▽

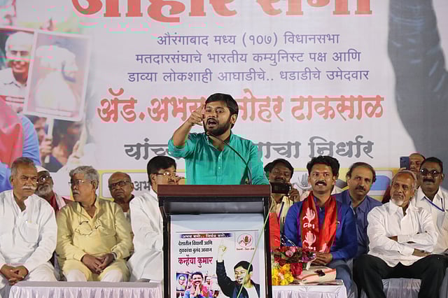 आमखास मैदान येथे गुरुवारी (ता. 17) औरंगाबाद मध्य विधानसभा मतदारसंघाचे भाकप आणि डाव्या लोकशाही आघाडीचे उमेदवार ऍड. अभय टाकसाळ यांच्या प्रचारार्थ कन्हैय्याकुमार यांची सभा झाली. यावेळी अण्णासाहेब खंदारे, प्रा. राम बाहेती, अश्फाक सलामी, सांडू जाधव, भाऊसाहेब झिरपे, ऍड. मनोहर टाकसाळ, सुभाष लोमटे यांची प्रमुख उपस्थिती होती.
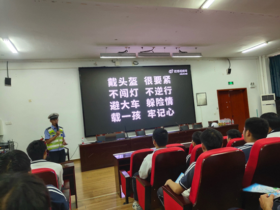 為切實增強學生交通安全意識,營造安全文明的校園周邊環(huán)境,9月23日下午,柳市職業(yè)技術(shù)學校邀請柳市交警中隊來校,為學生構(gòu)建了一堂深入淺出、警教結(jié)合的立體化安全教育課堂。
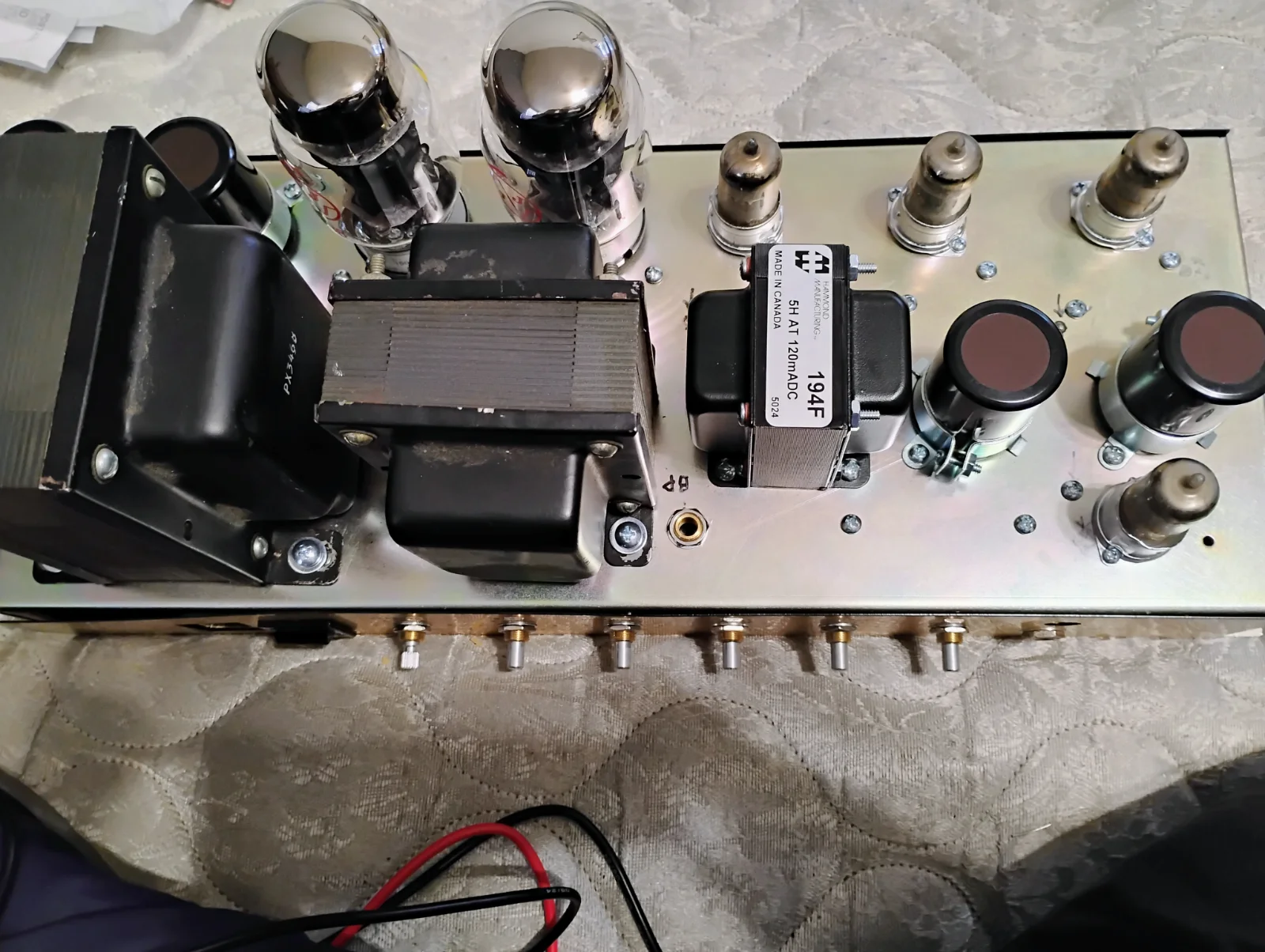 So far so good, next step is to turn on the standby switch and see if we have juice on the other side of the choke. And, build out the bias circuit. Then pop the big tubes in there and see if they behave. The fuses should arrive Monday, and the switch on Tuesday.
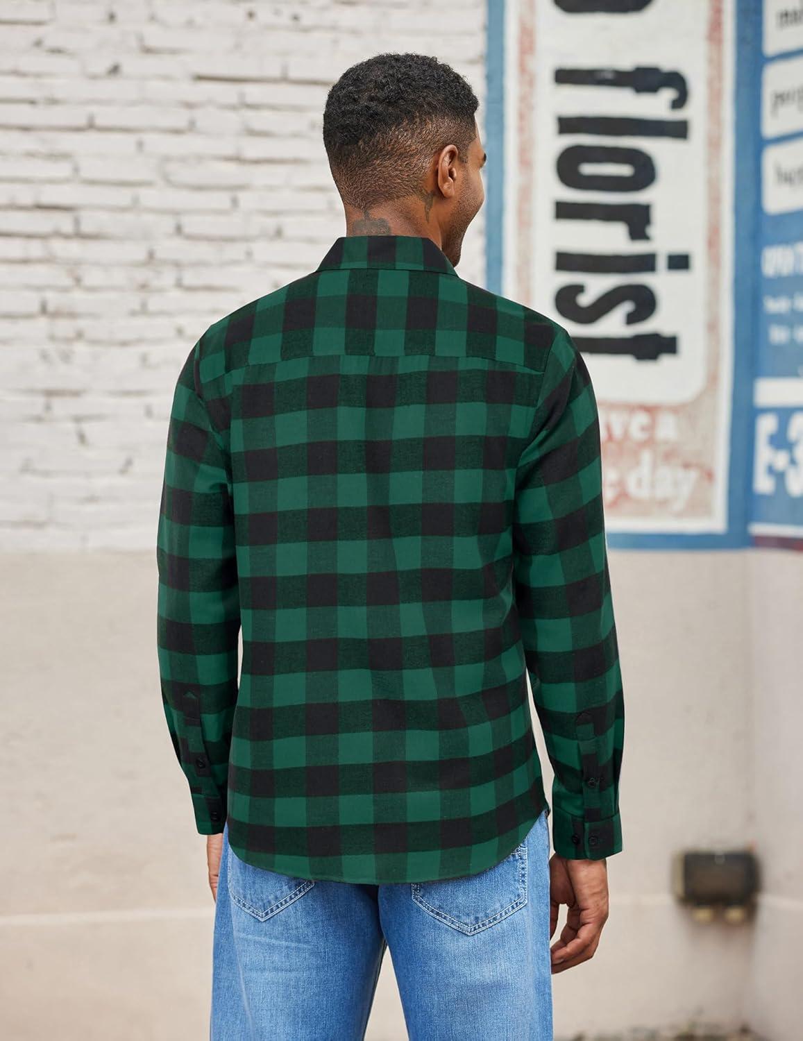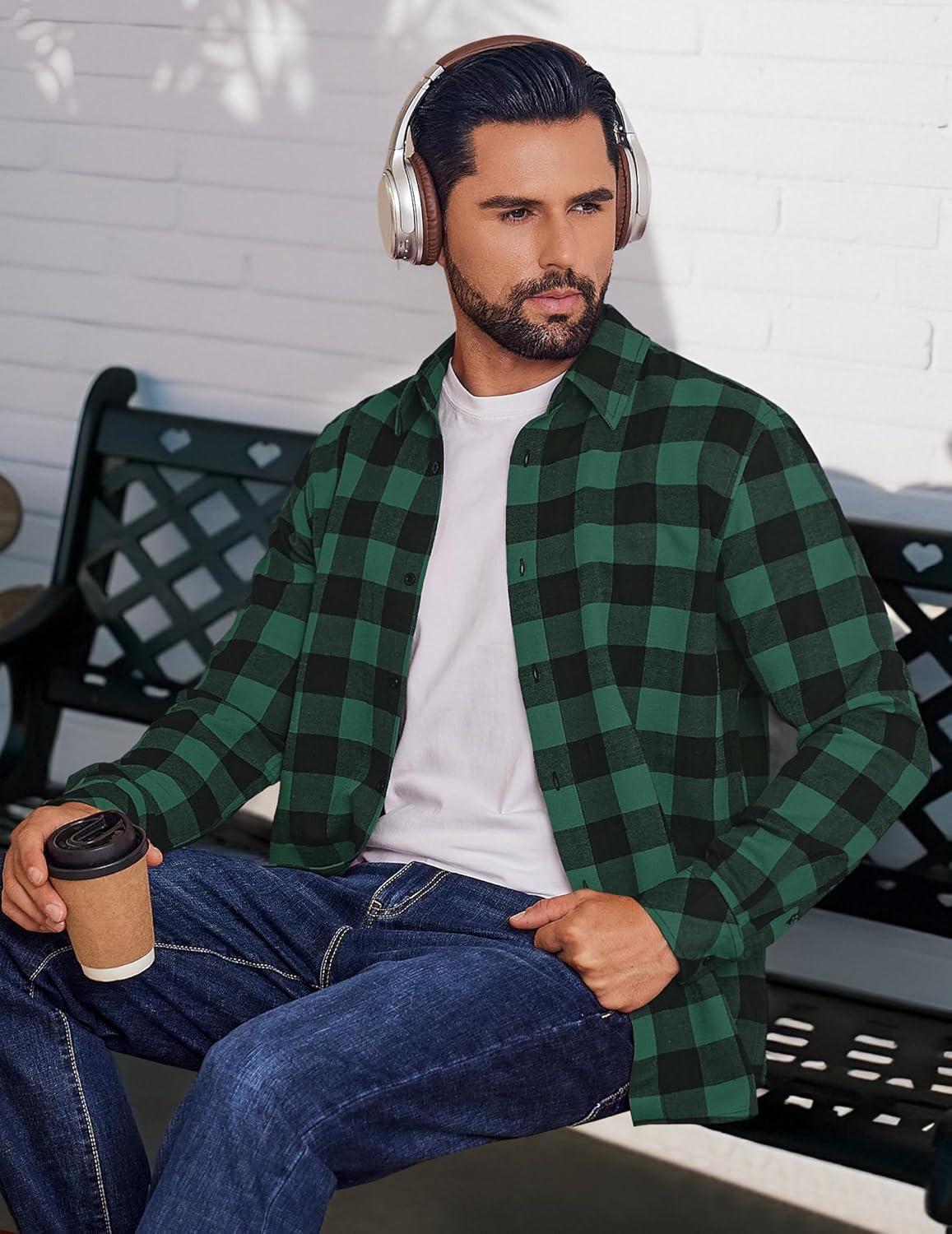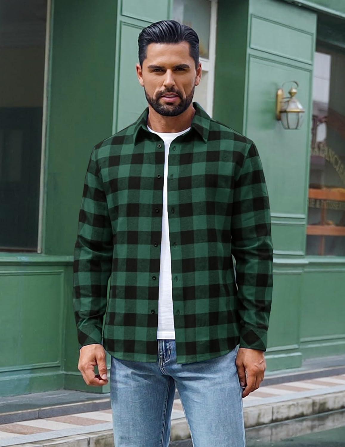 COOFANDY Mens Flannel Shirts Long Sleeve Plaid Button Down Shirts Casual Cotton Shirts(Green Checkered)
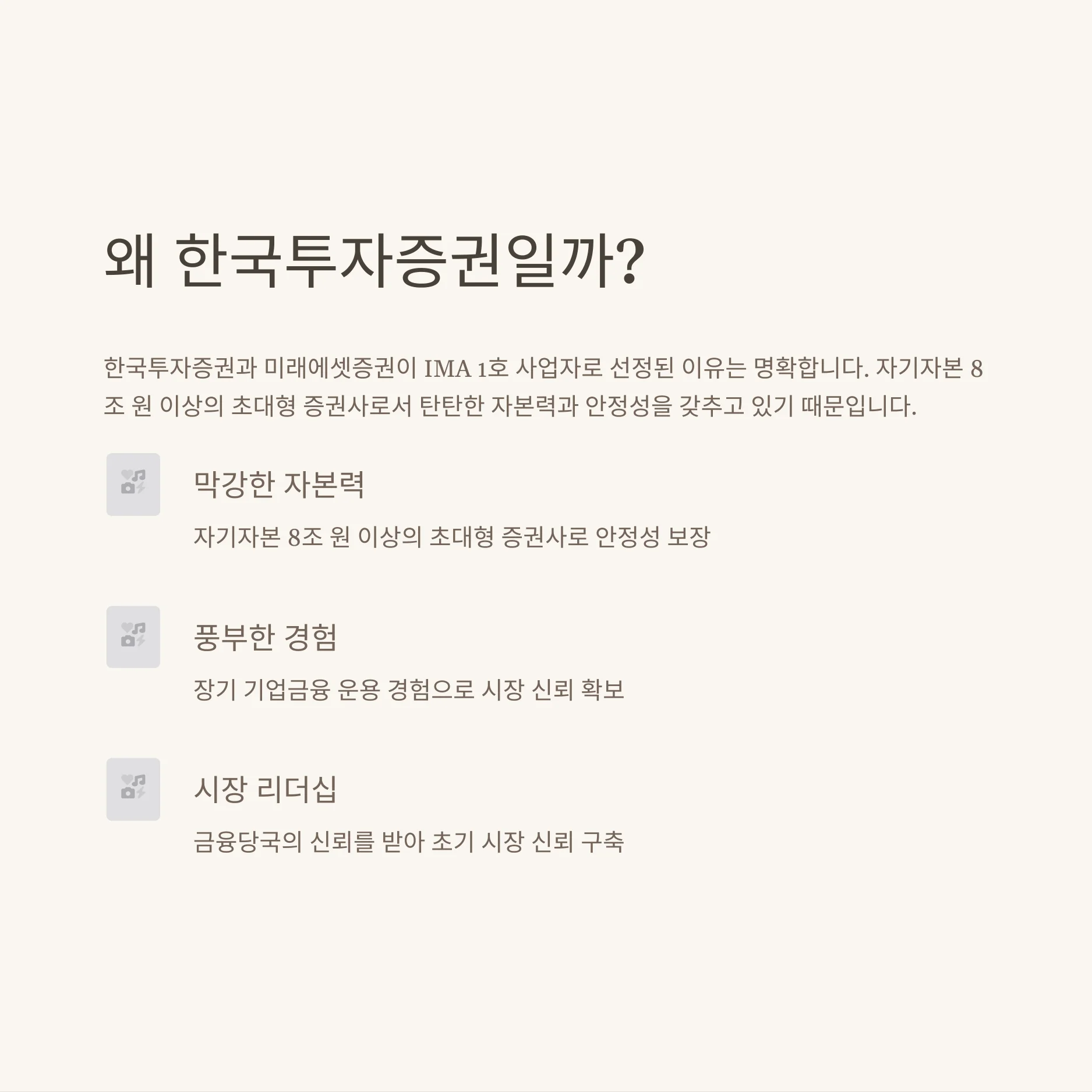한국투자증권, 미래에셋 IMA 1호 사업자 선정 이유: 자본력, 안정성, 시장 신뢰 확보 전략
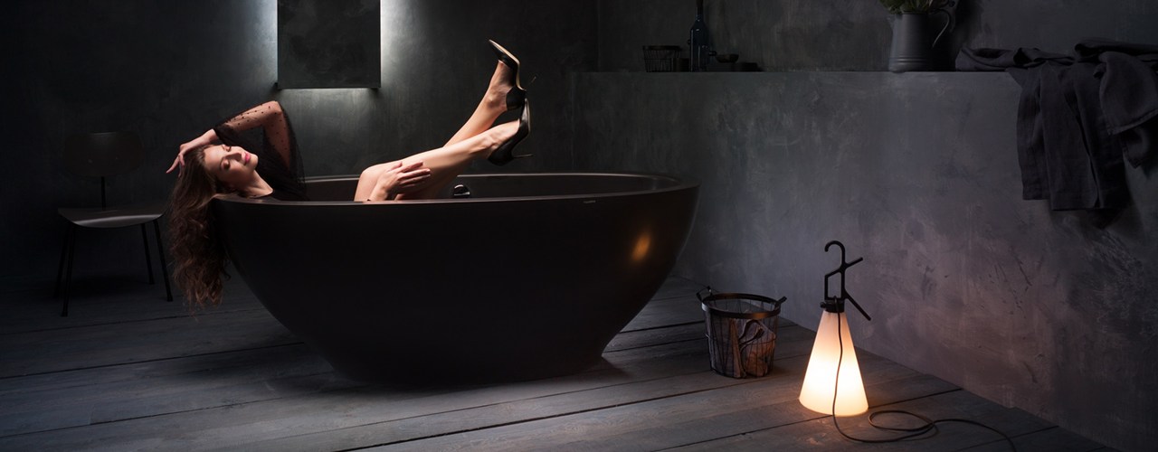 Отделка из графитово-черного матового материала и стильный дизайн делают ванну уникальной и элегантной.
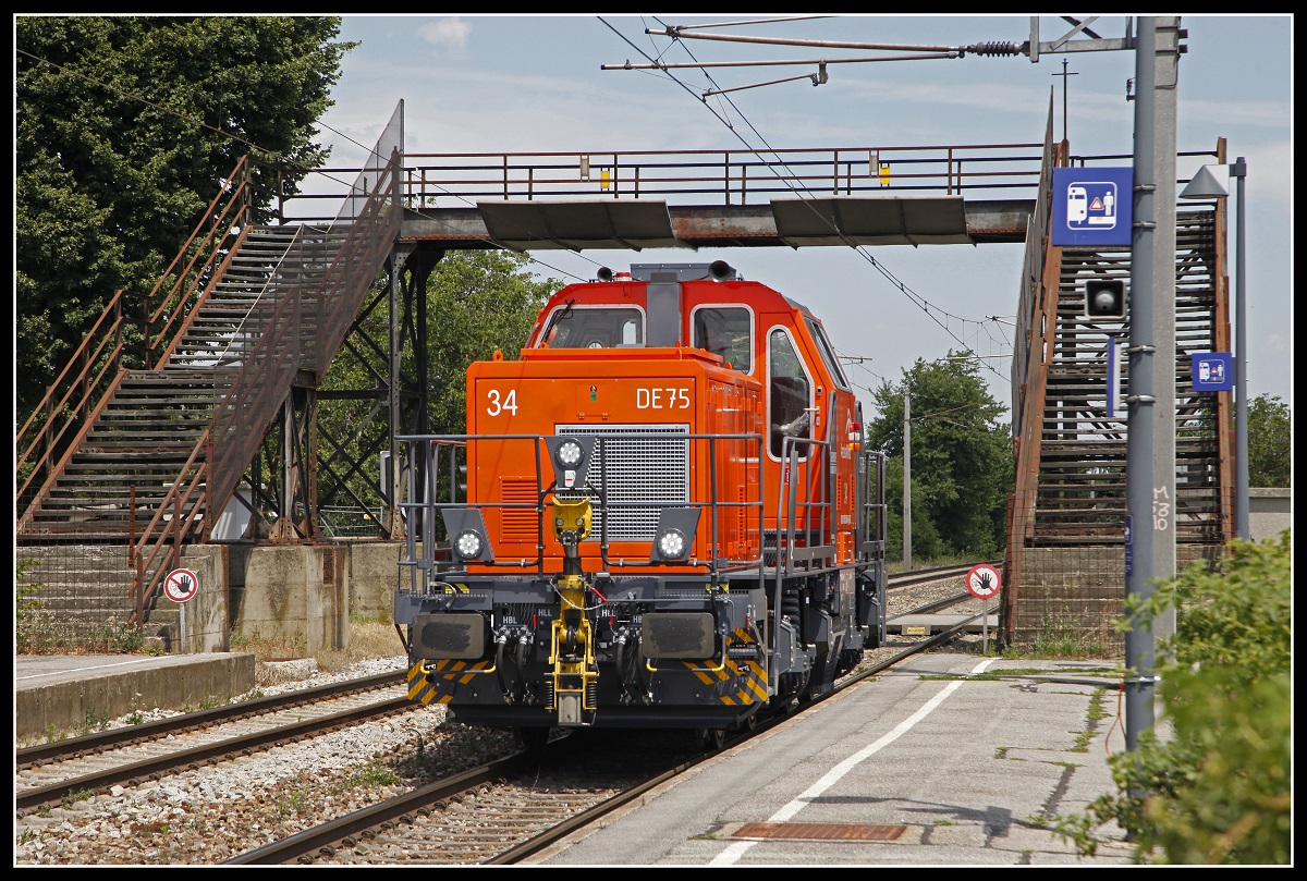 Gmeinder - Lok DE75 als Probelokzug in Jedenspeigen am 4.07.2018.

△

What is expected: With the pictures omitted, set down each line exactly, starting at the first line of the records above and ending with the line that contains "COOFANDY Mens Flannel".

Response for this exercise:
 आमखास मैदान येथे गुरुवारी (ता. 17) औरंगाबाद मध्य विधानसभा मतदारसंघाचे भाकप आणि डाव्या लोकशाही आघाडीचे उमेदवार ऍड. अभय टाकसाळ यांच्या प्रचारार्थ कन्हैय्याकुमार यांची सभा झाली. यावेळी अण्णासाहेब खंदारे, प्रा. राम बाहेती, अश्फाक सलामी, सांडू जाधव, भाऊसाहेब झिरपे, ऍड. मनोहर टाकसाळ, सुभाष लोमटे यांची प्रमुख उपस्थिती होती.
 為切實增強學生交通安全意識,營造安全文明的校園周邊環(huán)境,9月23日下午,柳市職業(yè)技術(shù)學校邀請柳市交警中隊來校,為學生構(gòu)建了一堂深入淺出、警教結(jié)合的立體化安全教育課堂。
 So far so good, next step is to turn on the standby switch and see if we have juice on the other side of the choke. And, build out the bias circuit. Then pop the big tubes in there and see if they behave. The fuses should arrive Monday, and the switch on Tuesday.
 COOFANDY Mens Flannel Shirts Long Sleeve Plaid Button Down Shirts Casual Cotton Shirts(Green Checkered)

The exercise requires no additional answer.